HVN Sales Perk Up

By Glenn Dyer | More Articles by Glenn Dyer

Retailer Harvey Norman had a very good Christmas with headline and same store sales both up noticeably in the December quarter from the three months to September 30.

HVN directors said headline sales grew 13.1% in the December quarter (compared to the same quarter of 2006) against 11.6% in the September quarter, while same store sales rose 7.9% (compared to the December quarter of 2006) against the 5.7% rise recorded in the September quarter.

That left overall first half sales up 12.4% and past the $3 billion mark for the first time at $3.04 billion. Same store sales over the half grew 6.9% compared to the December half of 2006.

Sales for the December quarter (franchise stores, commercial divisions and other sales outlets in Australia, New Zealand, Slovenia and Ireland) totalled $1.65 billion, the largest ever recorded for a quarter.

The like-for-like sales in the second quarter ended December 31, 2007 were 7.9% higher over the previous corresponding period

But the market ignored the recovery in sales growth in the important Christmas quarter and marked down HVN shares by 52c to $5.36.

Directors made no comment, as they did in the September quarter figures when they upgraded the earnings guidance. Referring to reports from some analysts, directors said at the time:

"The company understands that the published commentary by analysts who regularly publish commentary about the prospects of the company is that, in the respective opinions of those analysts, the net profit after tax ("NPAT") of the company, excluding net property revaluation increment, for the twelve months ending 30 June 2008 will increase within a range of 12% to 28% over the NPAT, for the twelve months ended 30 June 2007. Directors of the company are not prepared to speculate on NPAT for the year ending 30 June 2008.

"The net profit from continuing operations attributable to members, after tax and minority interests, but excluding significant one off items and net property revaluation increment ("Net Profit from Continuing Operations") for the six months ended 31 December 2006 was $132.87 million.

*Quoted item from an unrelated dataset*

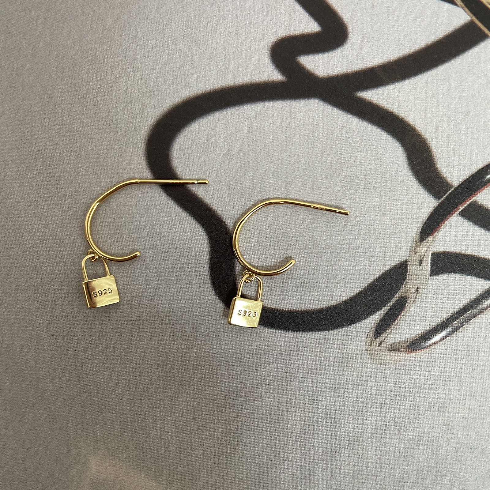 Modern fine earring with an attitude. Introducing Billie Minimalist Padlock Earrings - a minimalist style ear love for women and girls of all ages, plus unisex wear. This design features delicate padlock drops attached to C hoops. The earrings are made of solid sterling silver for comfortable and hypoallergenic wear. They are also lightweight and suitable for wearing all day. Perfect for contemporary, chic, simple, punk, mismatching, earring layering, casual, everyday styles and more. Hypoallergenic, nickel, cadmium and lead free.

"The directors of the company expect the Net Profit from Continuing Operations for the six months ending 31 December 2007 will increase within a range of 25% to 35% over the Net Profit from Continuing Operations for the six months ended 31 December 2006."

The market took the absence of any further comment in yesterday's statement to confirm that earnings for the half would be up substantially.

Meanwhile Australia's leading 'carbs' retailer, Retail Food Group (RFG) yesterday issued its second profit update in a week.

In a press release from a public relations agency, RFG said:

"Retail Food Group Limited (RFG) announced that, based on unaudited management accounts, the Company's NPAT for the six months ending 31 December 2007 would significantly exceed the NPAT result (of $3.9million) achieved for the FY2007 corresponding period.

"By way of further update the Company now advises that based on its unaudited management accounts, RFG's NPAT for the six months ending 31 December 2007 is likely to be within the range of $7.4million to $7.8million.

"As previously detailed in the Company's 17 January 2008 Announcement, RFG FY2008 first half results will be provided to the market in late February 2008 together with further commentary."

The market ignore this bit of spin as well and sold the shares down 23c or more than 14% to $1.32.

About Glenn Dyer

Glenn Dyer has been a finance journalist and TV producer for more than 40 years. He has worked at Maxwell Newton Publications, Queensland Newspapers, AAP, The Australian Financial Review, The Nine Network and Crikey.